What are the implications of comparing a capitalistic enterprise game with the real world of competing capital entities? Monopoly is designed to "end" after a reasonably short period of time (a single game); but in the real world, people can't cash out their imaginary winnings (or losses) and retire to a safer world. When Monopoly was first invented, it was certainly much easier for enterprising capitalists to manipulate and wheel and deal properties right and left, to maximize opportunities. To a large extent, real estate isn't nearly the sphere of easy fortunes it once was. Small fry can buy up distressed blocks of housing or commercially zoned properties, but there are a lot of regulations and ordinances and tax laws nowadays, which makes "efficient" development more difficult. You need good lawyers and accountants on retainer, just to keep your rear end safe. Smart money today is going overseas, where corruption and graft and "favors" still govern how deals are made.

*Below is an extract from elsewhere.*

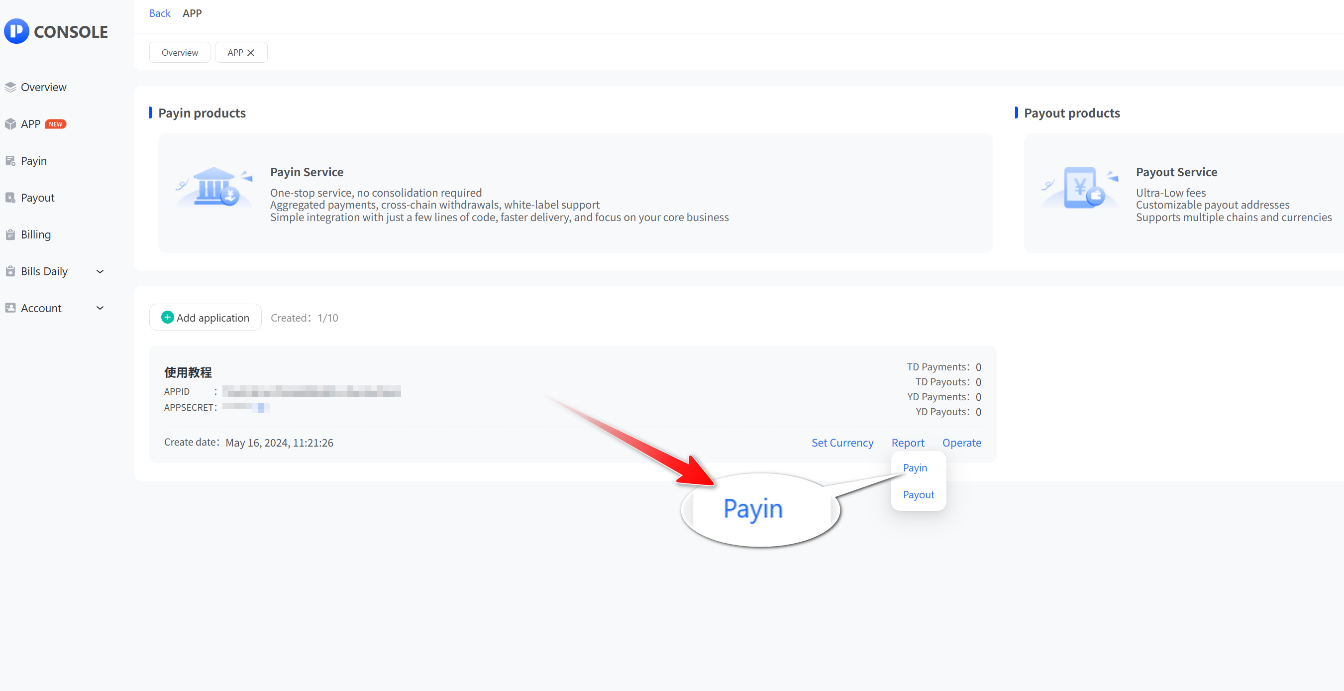 - Click “App” and then ‘View’ to access the app list. Select the API application that you want to view the Payin report and click "Payin".

Monopoly's attractions (for me) have always included its wonderful visual simplicity, the toy-like representations of railroads, utilities, the cartoon illustrations on the Chance and Community Chest cards. The fat little capitalist with the big white mustache is conjured right out of the Wall Street of the 1920's, that carefree era that ended in disaster. In what sense, come to think of it, is a stock market crash--or, more relevantly, the real estate collapse which we're still in the midst of--rather like the climax of a Monopoly game? Mr. Ponzi, who invented the scheme which bears his name, would probably have seen the real estate monopoly model as very close to financial investment schemes. The problem with real estate is that it has a physical reality which is difficult to hide. But of course there are many ways to hide one's control or ownership of something, that's probably the least of a crook's challenges.
There's something touching about the small amounts of cash represented in the classic Monopoly game. What would the mortgage value be on even a modestly sized casino on a major street on the Jersey shore today? Probably in the millions. Perhaps the easiest way to re-conceive that difference is to multiply every value in the game by a thousand, or perhaps even by five thousand. That would get us closer to the real numbers of our comparatively "inflated" times today.
You can still find promoters and front-men today offering to turn your modest retirement account(s) into fortunes. Mostly, though, what they'll offer is a weekend seminar at a third-rate hotel conference center, where they will teach you the "secrets" of making it big in the real estate market. Then there's always someone telling you that gold is about to take off.
On our block, during the real estate boom, several properties changed hands over and over again, until the last one got caught holding the bag (so to speak). A bag-full of money, perhaps, that was now worth only a fraction of what it had been before the currency bounced. They're still nice houses, of course, but they're "under water." For the losers, there's always the risk of that sinking feeling. The next throw of the dice may put you in dutch. I'm rounding the third turn and heading for home, but my opponent has two hotels on Boardwalk.